[WHAT THE TASK REQUIRES] Taking the records line by line, how many lines contain the word "your"? Answer with the number only.

[RECORDS TO PROCESS]
+--

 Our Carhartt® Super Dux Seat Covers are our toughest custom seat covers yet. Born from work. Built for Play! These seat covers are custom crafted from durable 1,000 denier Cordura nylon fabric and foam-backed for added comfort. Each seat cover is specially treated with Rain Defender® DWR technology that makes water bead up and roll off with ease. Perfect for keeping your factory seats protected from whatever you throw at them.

+--

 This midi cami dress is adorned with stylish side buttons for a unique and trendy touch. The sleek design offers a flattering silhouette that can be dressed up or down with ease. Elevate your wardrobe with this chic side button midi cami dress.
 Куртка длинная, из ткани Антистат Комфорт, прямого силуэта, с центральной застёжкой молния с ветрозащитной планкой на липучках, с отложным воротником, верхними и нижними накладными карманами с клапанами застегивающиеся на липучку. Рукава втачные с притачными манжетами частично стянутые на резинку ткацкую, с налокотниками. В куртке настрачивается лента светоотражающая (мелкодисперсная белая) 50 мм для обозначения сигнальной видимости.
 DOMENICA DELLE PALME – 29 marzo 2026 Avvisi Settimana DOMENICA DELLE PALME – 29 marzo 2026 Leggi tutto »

+--

[ANSWER BOX] 2